• **About this exercise**: Copy everything in the data below exactly except the pictures.

• **Stored data**:
=-=-=-=-=
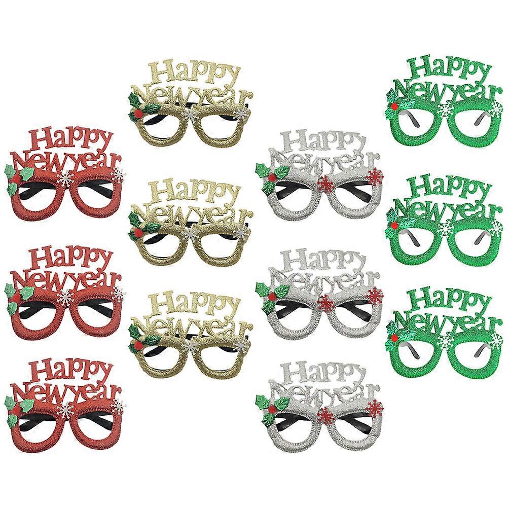 12 Pairs Festive Party Glasses with Glitter – Silver, Gold, Green, Red – Unique Holiday Accessory for New Year’s Eve Celebration – Decorative Eyewear
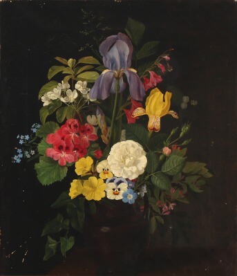 Still life with a bouquet of colourful flowers in a vase on a sill
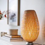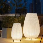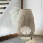 The lamp casts a warm, ambient glow that’s perfect for living rooms, bedrooms, or cozy reading corners. Its tall, sculptural frame and organic curves create a serene atmosphere, enhancing the aesthetic of any room it occupies.
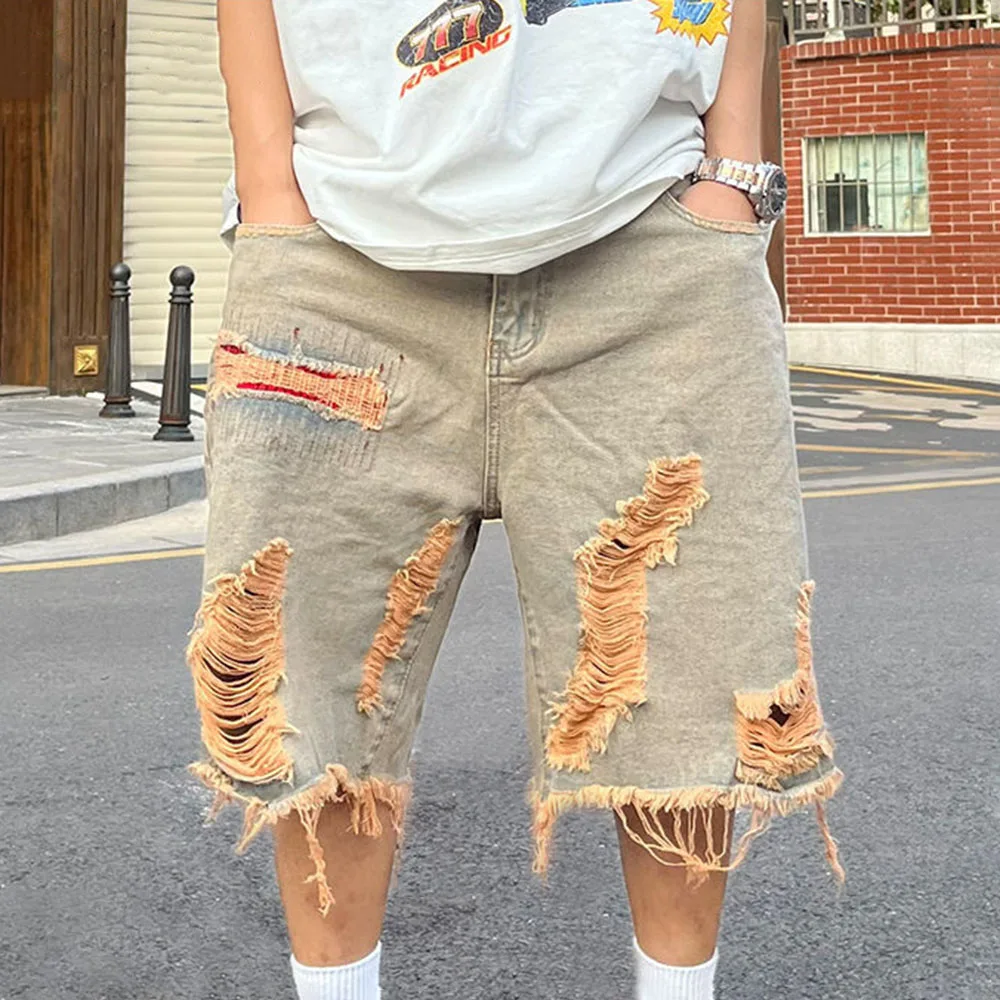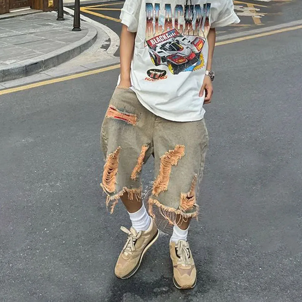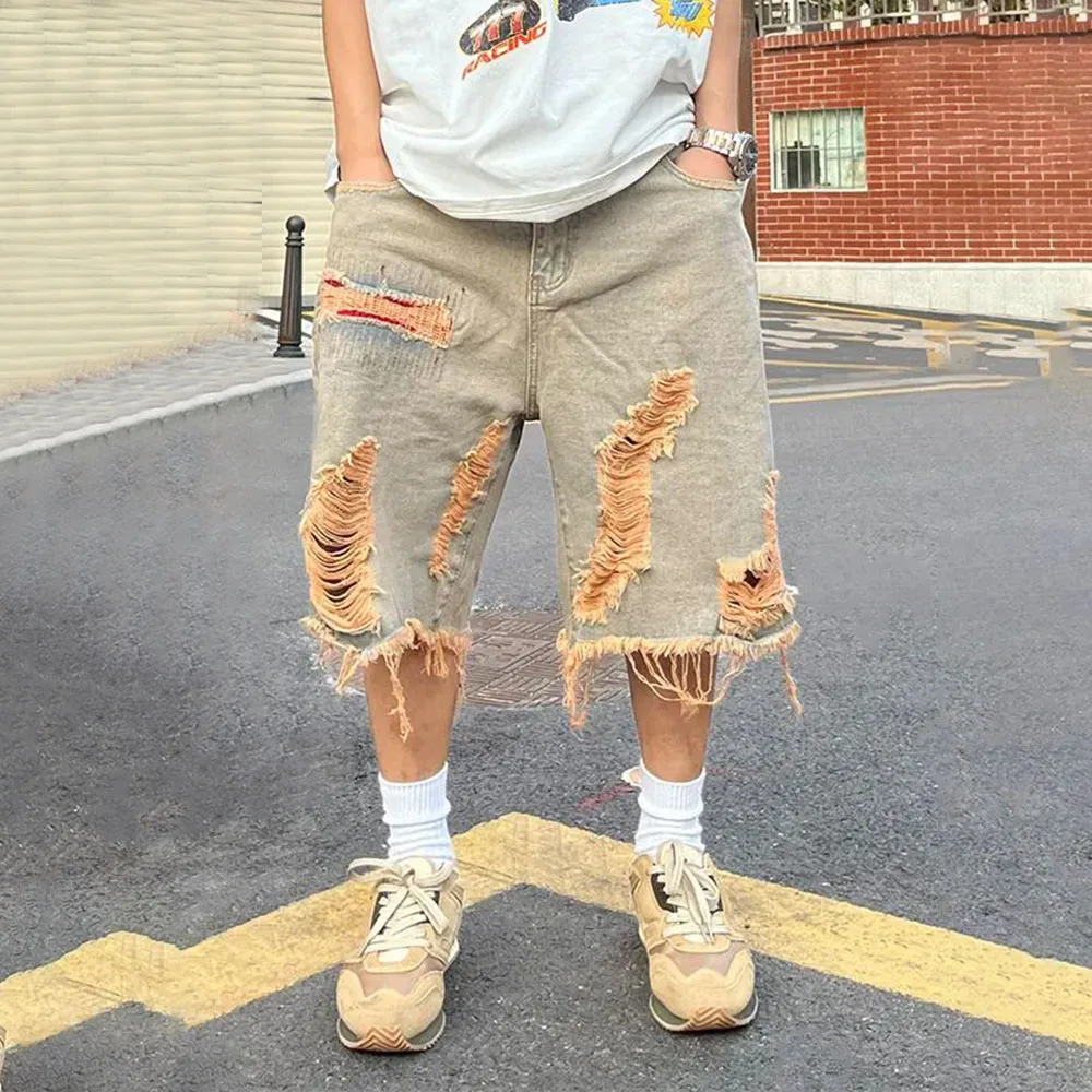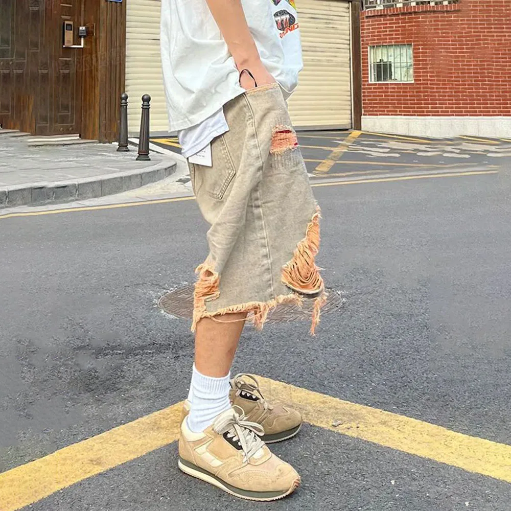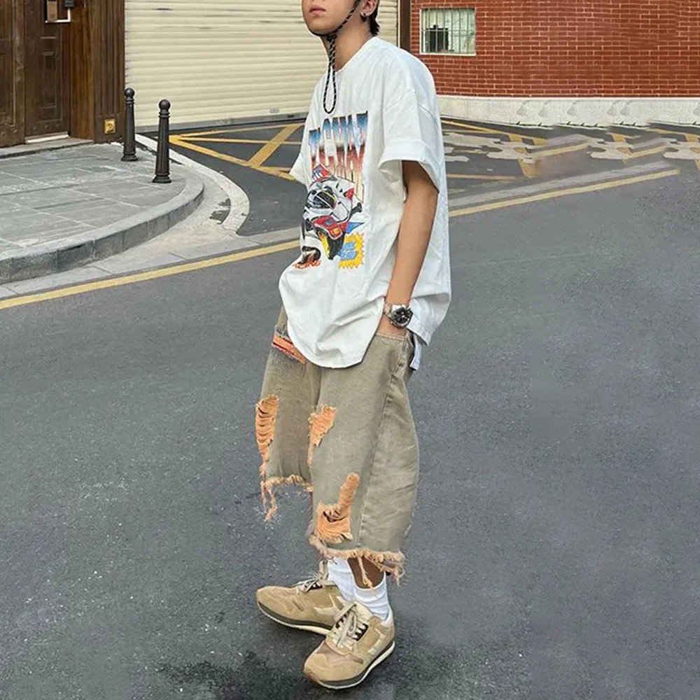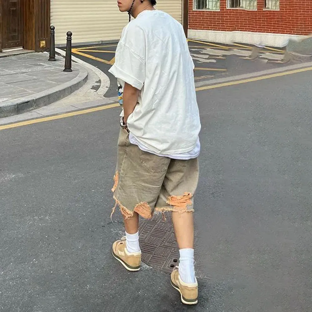 Threebooy High Street Washed Distressed Raw Hem Ripped Denim Shorts Retro Men Clothing Summer Y2k Straight Loose Hip Hop Denim Shorts
=-=-=-=-=
• **Exercise output**:
 12 Pairs Festive Party Glasses with Glitter – Silver, Gold, Green, Red – Unique Holiday Accessory for New Year’s Eve Celebration – Decorative Eyewear
 Still life with a bouquet of colourful flowers in a vase on a sill
 The lamp casts a warm, ambient glow that’s perfect for living rooms, bedrooms, or cozy reading corners. Its tall, sculptural frame and organic curves create a serene atmosphere, enhancing the aesthetic of any room it occupies.
 Threebooy High Street Washed Distressed Raw Hem Ripped Denim Shorts Retro Men Clothing Summer Y2k Straight Loose Hip Hop Denim Shorts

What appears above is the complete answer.